● RECORDS PROVIDED:

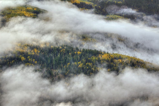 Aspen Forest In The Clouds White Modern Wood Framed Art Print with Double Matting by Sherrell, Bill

...

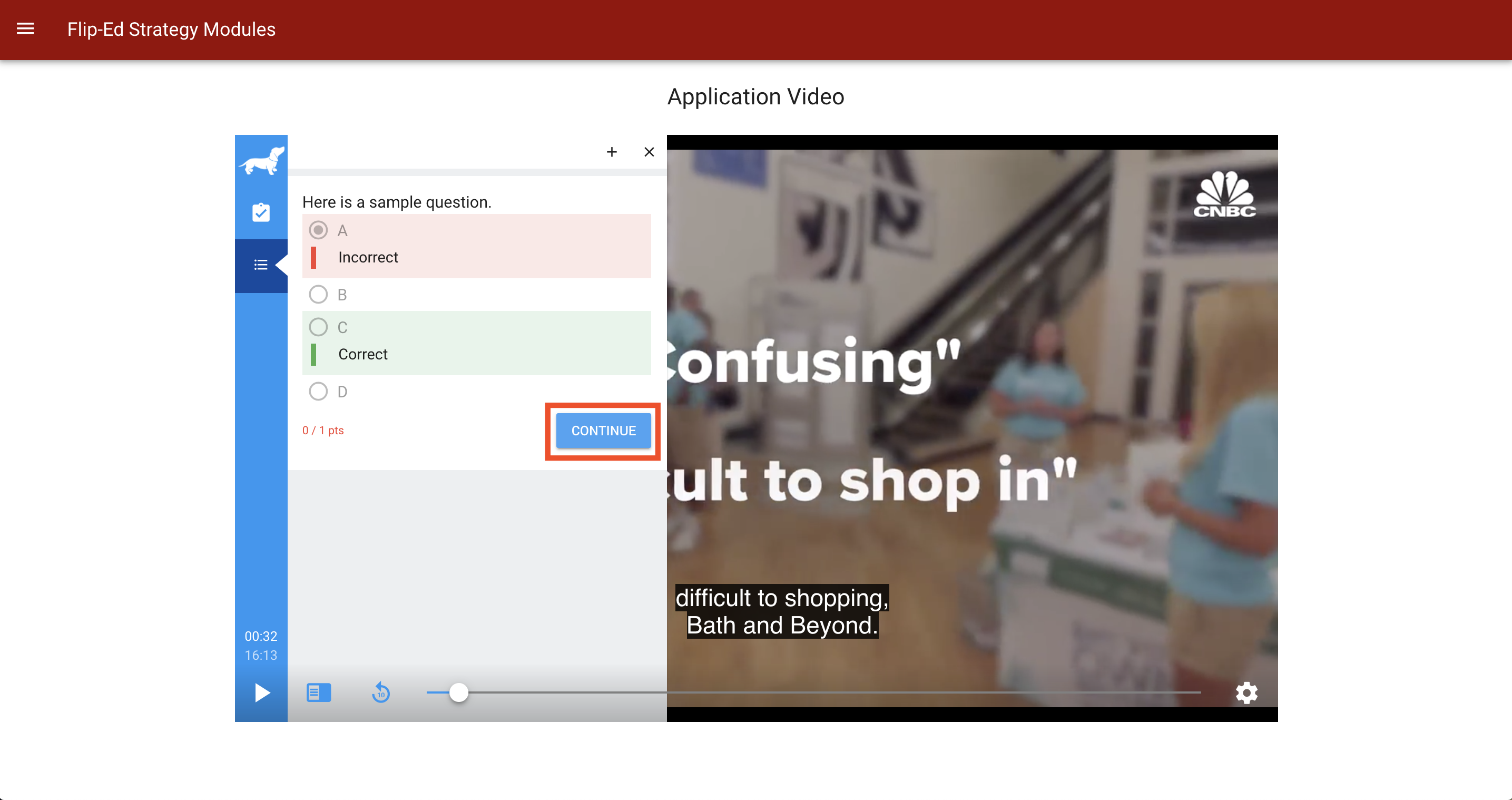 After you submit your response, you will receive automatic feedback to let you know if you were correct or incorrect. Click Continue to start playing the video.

==

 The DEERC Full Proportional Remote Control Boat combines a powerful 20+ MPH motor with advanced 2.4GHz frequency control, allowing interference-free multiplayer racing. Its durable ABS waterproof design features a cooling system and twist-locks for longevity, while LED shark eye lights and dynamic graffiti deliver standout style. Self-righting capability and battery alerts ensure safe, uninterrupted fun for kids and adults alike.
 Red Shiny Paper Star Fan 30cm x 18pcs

● GOAL OF THE EXERCISE: Output exactly one stretch of the listing: from the line containing "The DEERC Full" through the line containing "Red Shiny Paper Star Fan 30cm x 18pcs", both end lines included.

● ANSWER SPACE:
 The DEERC Full Proportional Remote Control Boat combines a powerful 20+ MPH motor with advanced 2.4GHz frequency control, allowing interference-free multiplayer racing. Its durable ABS waterproof design features a cooling system and twist-locks for longevity, while LED shark eye lights and dynamic graffiti deliver standout style. Self-righting capability and battery alerts ensure safe, uninterrupted fun for kids and adults alike.
 Red Shiny Paper Star Fan 30cm x 18pcs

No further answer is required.